I haven't had much difficulty sticking wtih compliant food choices. I don't eat out that much, so I just shop the veggie aisle instead of the bread and coffee aisles... that sort of thing.

I have just noticed something recently, now that I'm in to my third round. I'm really actually only eating two meals a day. Hm.

When I did my first Whole30, I was not hungry for lunch so I'd eat some nuts and a banana (I know, technically compliant foods but not eaten in a recommended way).

Second Whole30, I was less interested in fruits and nuts, so just tended to eat - I don't know, but I'm guessing it wasn't three times a day.

Now I'm noticing it big time. I wake up, take my Synthroid, and an hour and a half later I eat a meal. Then I'm not hungry again (like, at all) until about 3:00 p.m. My schedule allows me to eat then, so I do. I may eat something small laster (the other night I ate spaghetti squash with avocado). Last night I wasn't hungry at lunch and didn't get a chance to eat again until almost 6:00. I was pretty hungry by then.

I know I'm not really reading hunger cues accurately yet. I was so addicted to sugar that I only ate when I had a sugar crash. Now I don't have sugar crashes, so I don't really recognize when I'm hungry.

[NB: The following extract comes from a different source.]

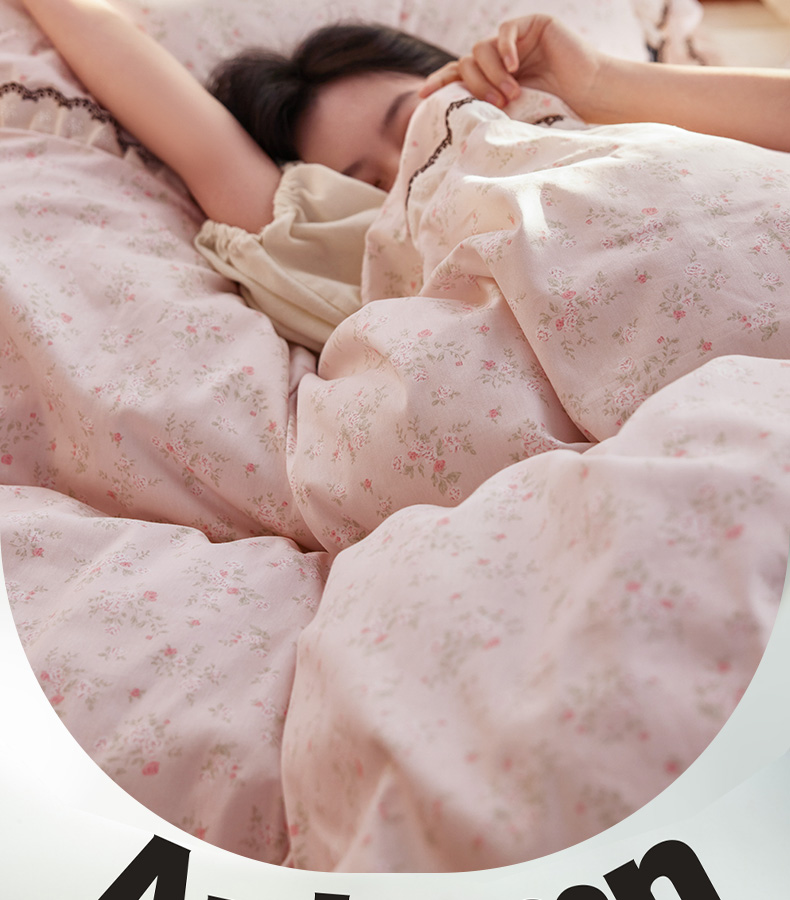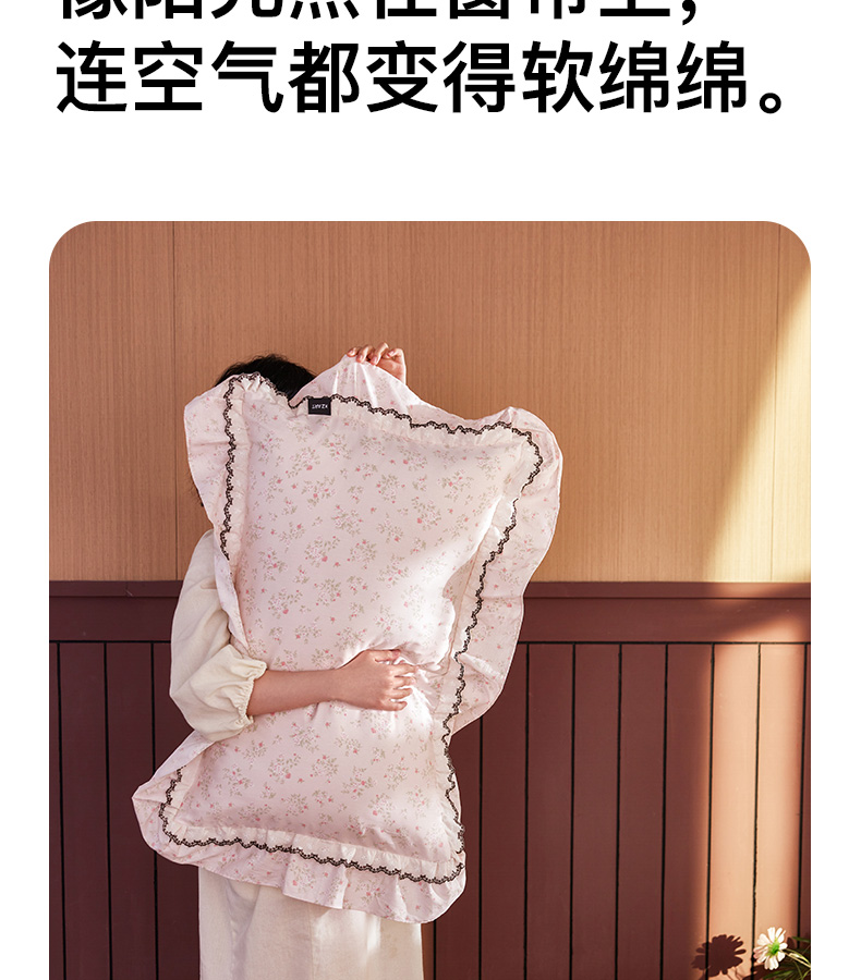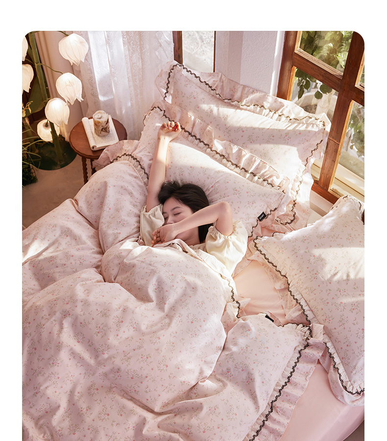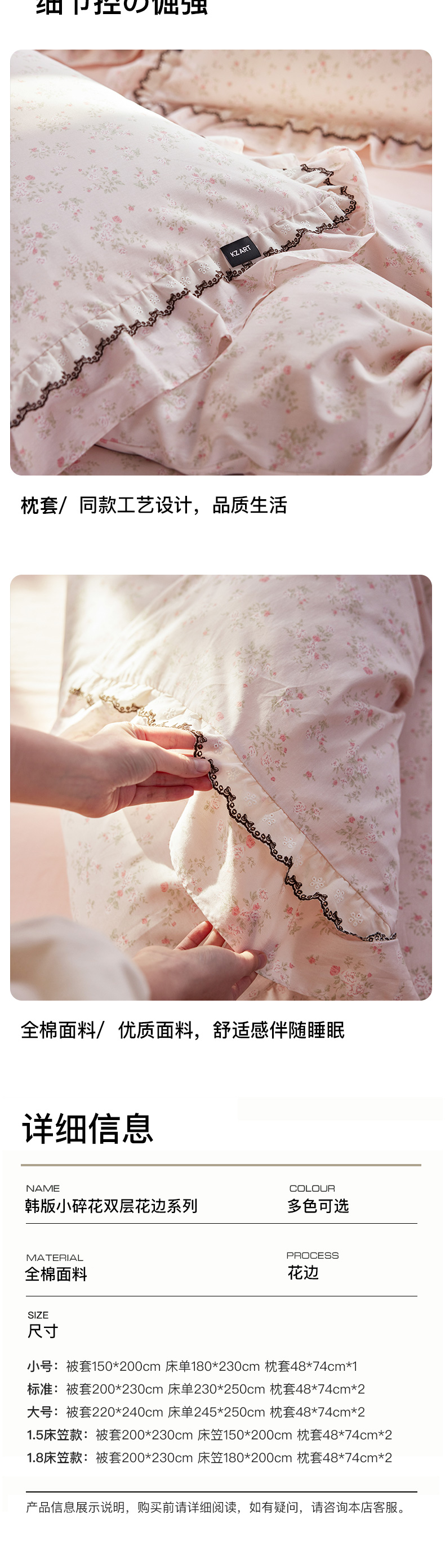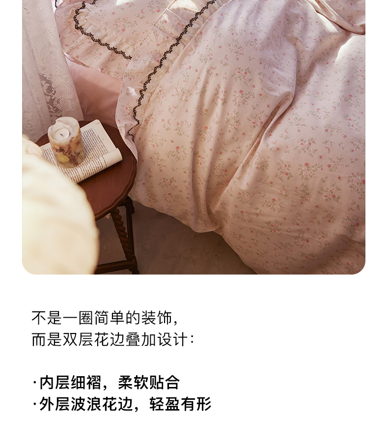 商品名称:卡姿家纺 2026春夏韩版小碎花双层花边系列 花镜小诗粉

Meals tend to be: wilted greens/spaghetti squash/avocado/tomato/meat protein of some kind. With spices, a bit of salt, olive oil maybe, some kind of vinegar.

So I have two questions:

1. What would you recommend in order to get up to three meals a day? (Now that I've recognized that, doh, I'm not actually eating three)

2. What do I need to look/feel for to identify hunger cues, now that I'm sans sugar crashes?

Thanks in advance.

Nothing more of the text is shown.